As a play as such, it was solid without being spectacular. Although some of the scenes came across as mawkish and overly sentimental - can the use of Whitney Houston and Mariah Carey's "When You Believe" be anything but? - generally, the play packed a powerful punch in the way it constantly undercut and destabilized itself: we have Paddy, the first and currently only Singapore to 'come out' publicly as being HIV positive, dressed as a clown, complete with colourful facial make-up and ridiculously huge flippers on his feet, going to visit a dying friend in the hospital. Paddy then proceeds to share with the audience intimate details of his perhaps more morbid experiences, such as his trip to buy a casket, getting his obituary picture taken at Bugis Junction; but always, his anecdotes are warm and funny, and sparkling with Paddy's distinctive camp sensibility.

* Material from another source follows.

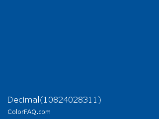 Decimal 10824028311 Color is a dark blue color and the nearest color is USAFA Blue #004f98. Hex code #015199 and RGB value is rgb(1,81,153). In RGB color space, this color is composed of 0% red, 32% green, 60% blue, In CMYK color space, this color is composed of 99% cyan, 47% magenta, 0% yellow , 40% black , In HSL color space, this color has a hue angle of 208° , 99% saturation and 30% lightness.

>>'No matter how dark things get; we have Paddy to thank for reminding us that we can choose life, and indeed, love, over death.'

It will take me a very long time to forget the image I have now of Paddy "slaaaaaaping the Ah Lian" who had threatened him and quickly pressing the 'close' button on the control panel of the elevator, Paddy giggling and screeching the whole time. Paddy is a man who has obviously chosen to celebrate life over death, and it is the segments where Paddy shares the happiness of being alive that he is most convincing. When things take a more serious turn, they are less so; here the play sometimes borders on unnecessary preachiness (especially when one considers that it is pretty much a case of preaching to the converted anyway) and a few scenes appeared formulaic; elsewhere Paddy sounds like he was on a podium presenting an over-rehearsed speech.

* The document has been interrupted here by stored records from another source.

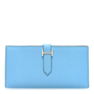 Size Base length: 6.75 in Height: 3.75 in Width: 0.75 in Description This is an HERMES Epsom Bearn Gusset Wallet in Bleu Celeste. This chic wallet is crafted of richly textured epsom calfskin leather ...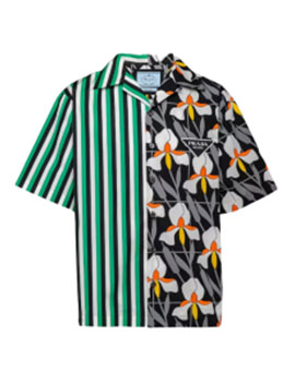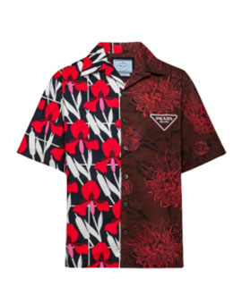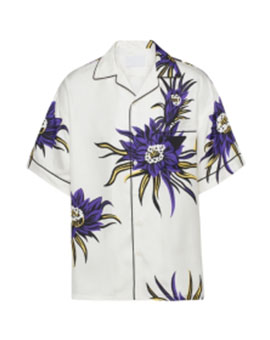 프라다 쇼트 플라워 슬리브 실크 셔츠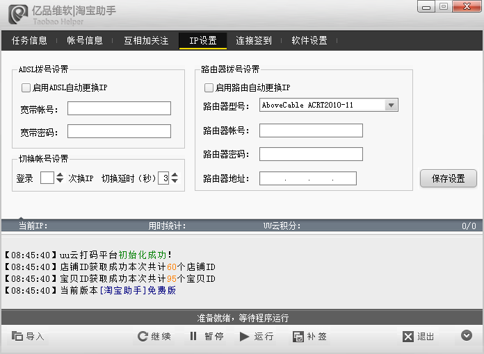 多帐号淘宝助手是一款多功能全自动帮助淘宝用户完成各种淘宝任务的一款辅助工具,可以每日自动一键完成淘金币任务、集分宝任务、淘宝抽奖等等,支持多帐号操作,适合那些拥有大量淘宝帐号的用户使用,工具功能齐全,十分智能,是淘宝达人必备工具!

In any other production, these cliches would have reeked of insincerity. But because of the nature of this play, because we have Paddy himself telling us what we know to be his true story, we are forced to accept these cliches as fact; we know that is precisely what they are. When Paddy tells us about his trip to the karaoke bar with his cousin, and how she bursts into tears when he sings Celine Dion's "My Heart Will Go On" from the film, "Titanic", there is none of the over-blown histrionics that one would associate with the film itself but even if there was, we would accept it more kindly because we know that it is not manipulation or sensationalism but a real event unfolding before us. In effect, the play cannot be pretentious or insincere by virtue of its painful honest nature.

That is why Paddy's role in COMPLETELY WITH/OUT CHARACTER is so vital. Because he renders moot any argument that this play is merely "art", with all the superficial glamour that word conjures up. When at one point, he removes his robe and stands silently before the audience, revealing his emaciated and wasted body, glamour is the last thing on anyone's mind. There is only truth. The truth of what it is like to live as a person with HIV or AIDS in Singapore, where many turn away.

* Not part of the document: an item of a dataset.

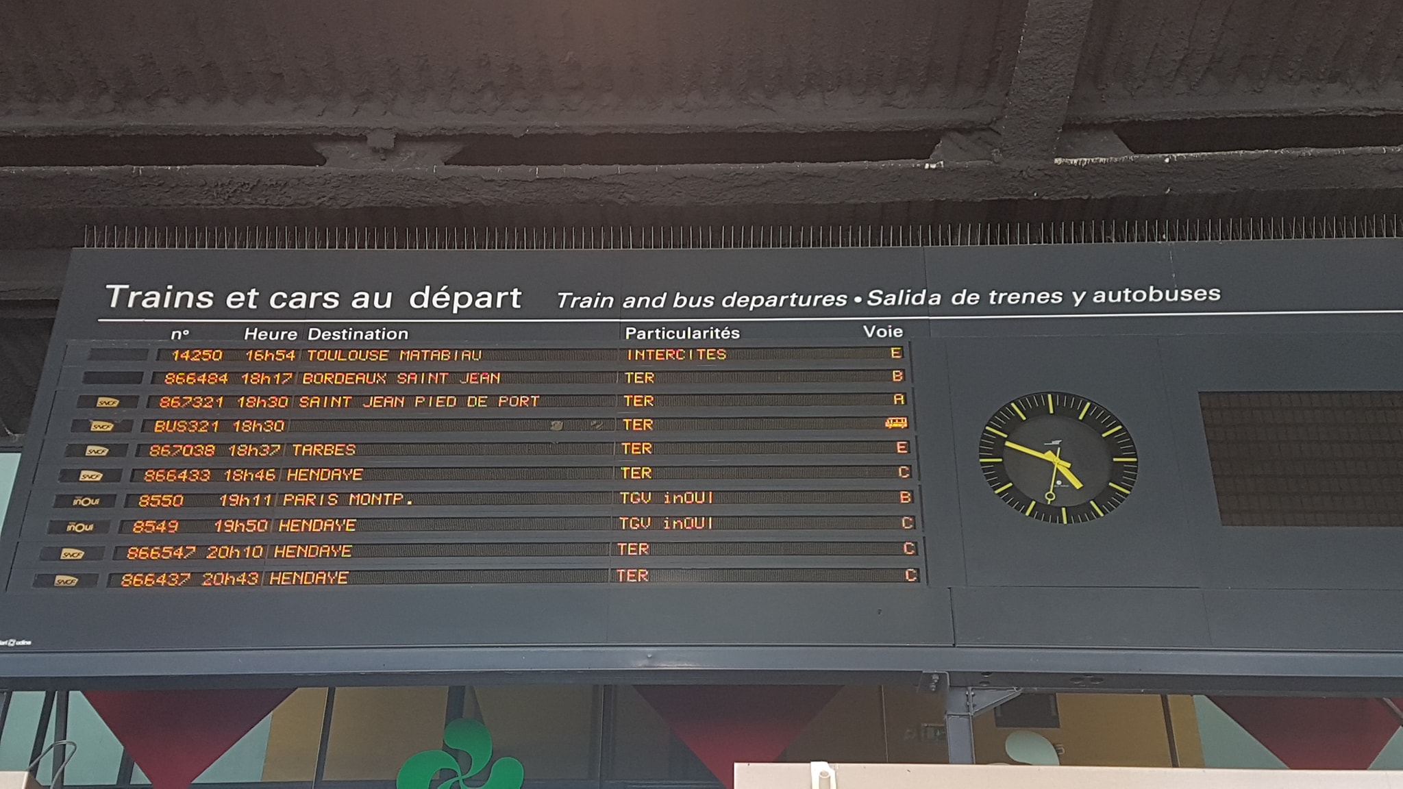 TGV抵達BAYONNE,銜接前往SSPJ聖讓彼得堡的TER火車還有1.5小時才來。推薦大家可以步出車站前往市區走走,順便活動筋骨,舒緩坐了4小時火車的疲倦。而我根本沒有攜帶或準備這邊的任何資訊,只要跟著人群和手機的Google Map協助就可以了其實。

Looking at it as a piece of theatre, a piece of art, yes, there is indeed much to recommend about COMPLETELY WITH/OUT CHARACTER: the interesting use of multi-media to screen carefully chosen slides behind Paddy as he spoke, wove rich and subtle subtext into the fabric of Paddy's story; Paddy's performance in itself was confident and poised and the script, punchy and lively. And what we might say to be the flaws of the production were arguably inevitable; in this case, the art had to serve a bigger goal than art for art's sake. Playwright and director had to take into consideration that the audience would comprise people from all walks of life and theatre-going experience and the last thing COMPLETELY WITH/OUT CHARACTER could do was to alienate or offend anyone, forcing it to lack a certain subtlety. Another consideration was the honesty with which Paddy wanted to confront the issue of living with AIDS, warts and all; if the script was also too schmaltzy at points, it's only because real life - and that is what COMPLETELY WITH/OUT CHARACTER offered - can be schmaltzy too.

And real life, thank God, is also always full of bravery and hope and flashes of light, no matter how dark things get; we have Paddy to thank for reminding us that. That we can choose life, and indeed, love, over death.